● Work to complete
All lines in the records below from the line with "Der udskibes får" through the line with "Указ о бритье бород. Лубок. Начало XVIII в." are to be given again exactly, both ends included; the pictures are to be left out.

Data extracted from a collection
▽
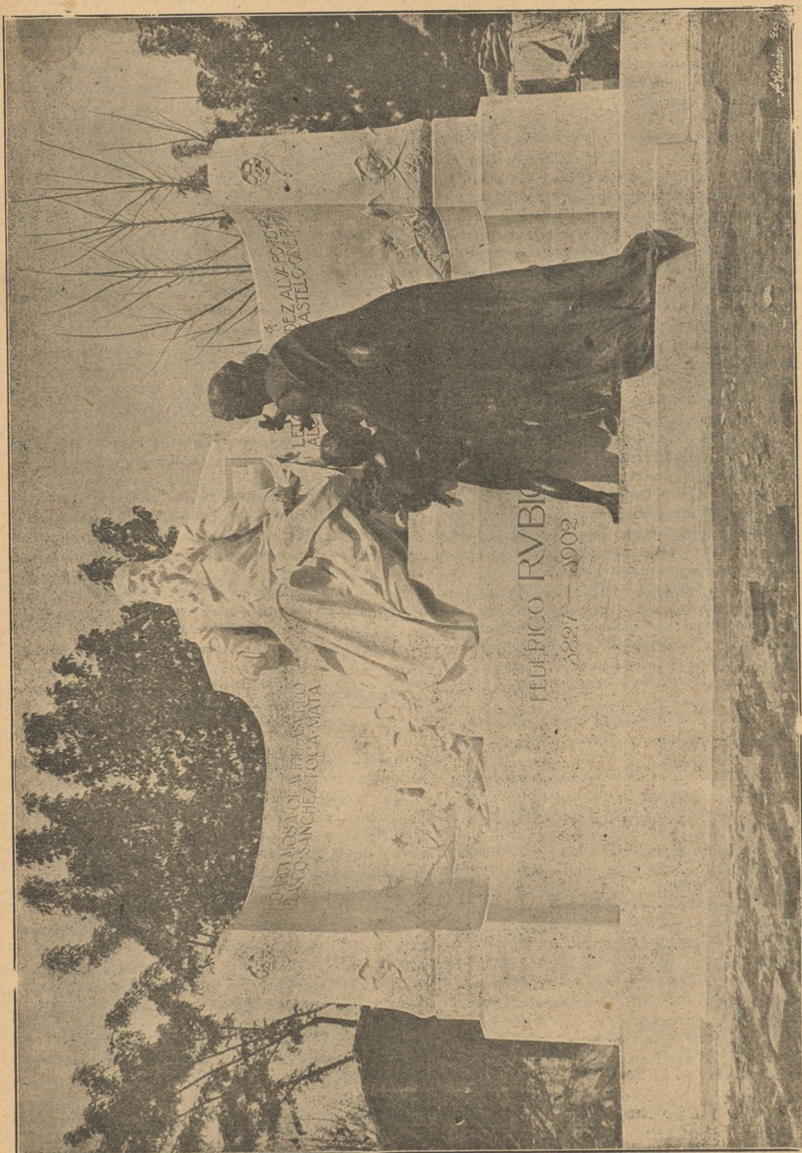
Aspecto general del monumento.
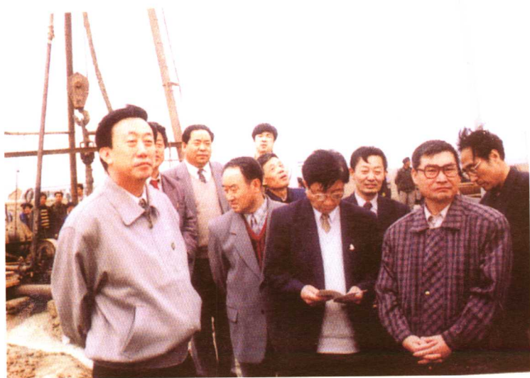
市委副书记程葆刚陪同副省长郭庚茂到地震灾区指导工作
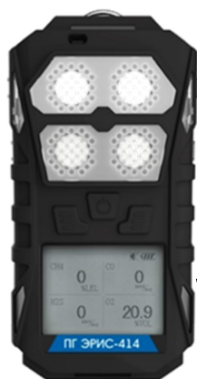
Рисунок 4- Общий вид газоанализатора ПГ ЭРИС-414-1 и схема пломбировки
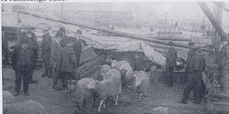
Der udskibes får fra Saltholm i Kastrup havn ca. 1920

Den ældste "færge" eller passagertransport ad vandvejen fra Kastrup er postbåden til Saltholm. Men først var der en anden "færgeforbindelse", der fragtede en anden type passagerer nemlig kreaturer til Saltholm. Det foregik med "skøjter" (herfra stammer gadenavnet Skøjtevej), en lavbundet hollandsk skibstype, som fragtede disse sommergæster over til øen. Siden kom andre og mere rummelige både.
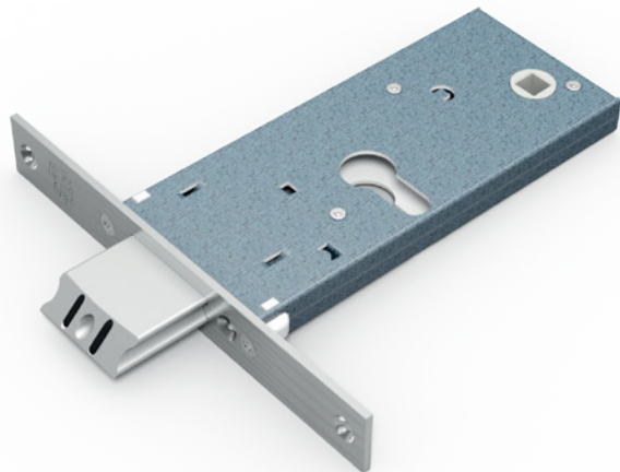
Serie 1380 - 1780 serratura a scrocco regolabile con mandate

LA SICUREZZA OMECC IN JEANS, ANCHE CON CILINDRO EUROPEO
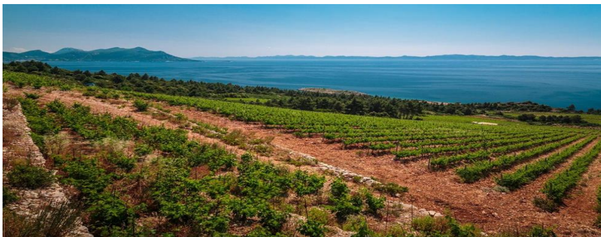
Slika 3. Vinova loza peljeških brda
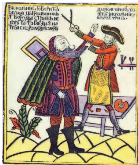
Указ о бритье бород. Лубок. Начало XVIII в.

В Москве царь сразу же принялся вводить «чужеземные обычаи с манера немецкого». Чувствовалось, что молодой государь не имеет ни чёткого представления о преобразовании страны, ни плана реформ . Видимо, им больше двигало желание поскорее сделать Россию хотя бы внешне похожей на Европу. Начал он с боярских бород, которые стали для Петра символом косной старины. Первые бороды Пётр отрезал собственноручно. Затем наступил черёд для русского платья: дворянству указа-
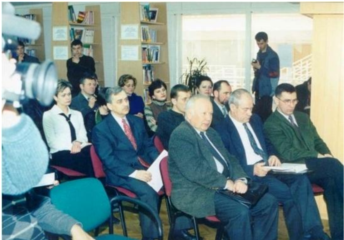
На презентації книг у бібліотеці ВНУ ім. Лесі Українки
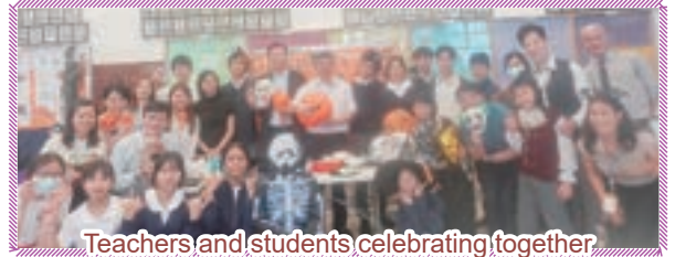
Teachers and students celebrating together
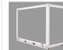
Cadre de protection
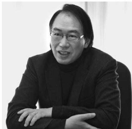
著名なロシア文学者でもある、東京外国語大学の亀山郁夫学長。現在、『罪と罰』『カラマーゾフの兄弟』『悪霊』などドストエフスキーの新訳が光文社文庫から刊行中

「本学は『外国語を学ぶ大学』と捉えられていることが多かったのですが、実際には、地域研究、国際関係研究なども盛んに行わ
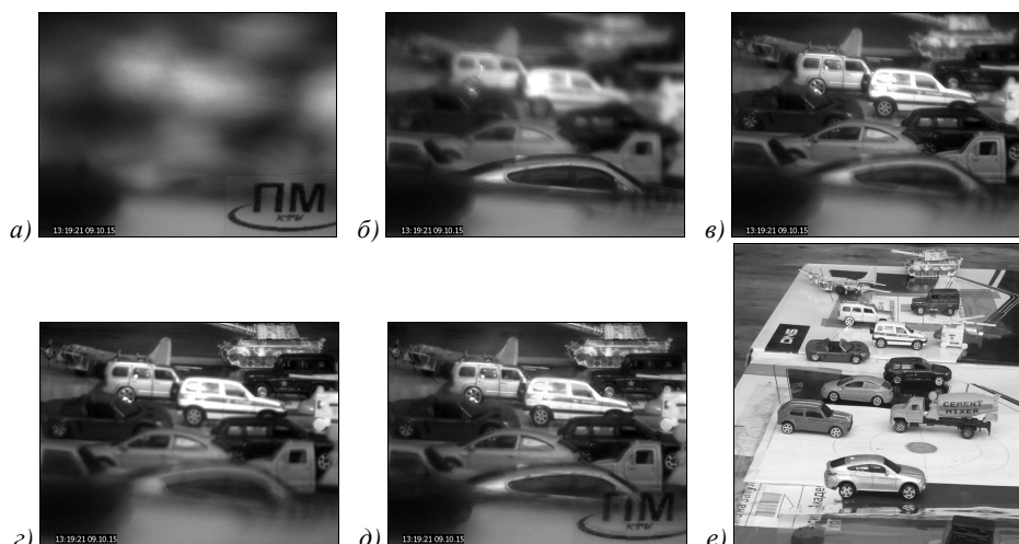
Рис. 4. Обработка изображений более сложной сцены: а, б, в, г – исходные изображения при дальности фокусировки 0,3 м, 0,6 м, 1,2 м, 3,0 м.; д – результат слияния, е – изображение сцены с другого ракурса

На примере обработки последовательности изображений, зарегистрированных с применением цифровых очков ночного видения с электроуправляемым жидкостным объективом при изменении фокусировки от 30 см до 300 см показано, что наиболее эффективным является предложенный комбинированный алгоритм слияния.
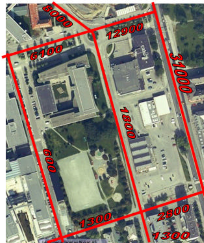
Trafikkbelastning på veinettet omkring planområdet (årsgjennsnitt 2006)

Finalebanen ligger i dag eksponert mot Elgeseter gate, som er hovedinnfartsåre til Midtbyen. Elgeseter gate er sterkt trafikkert med en årsgjennsnitt på over 30 000 kjøretøy. Trafikkmengden og lokalklimatiske forhold gjør at luftforurensning er et problem i parken på enkelt dager. I 2007 var det 41 døgn med grenseoverskridelser for svevestøv (PM10) i gaten. Den gjennomsnittlige verdien for hele 2007 var imidlertid under grenseverdien. Antall døgn med grenseoverskridelser var i 2007 det laveste som er registrert siden målingene begynte. Registreringer viser også at grenseverdien for årsgjennomsnittet for NO 2 i Elgeseter gate ble overskredet i 2007. Forurensningen spres til parken. Trafikkbelastningen (ÅDT 2006) på vegnettet rundt Finalebanen er vist på figuren under.
△
● Expected answer
Der udskibes får fra Saltholm i Kastrup havn ca. 1920

Den ældste "færge" eller passagertransport ad vandvejen fra Kastrup er postbåden til Saltholm. Men først var der en anden "færgeforbindelse", der fragtede en anden type passagerer nemlig kreaturer til Saltholm. Det foregik med "skøjter" (herfra stammer gadenavnet Skøjtevej), en lavbundet hollandsk skibstype, som fragtede disse sommergæster over til øen. Siden kom andre og mere rummelige både.
Serie 1380 - 1780 serratura a scrocco regolabile con mandate

LA SICUREZZA OMECC IN JEANS, ANCHE CON CILINDRO EUROPEO
Slika 3. Vinova loza peljeških brda
Указ о бритье бород. Лубок. Начало XVIII в.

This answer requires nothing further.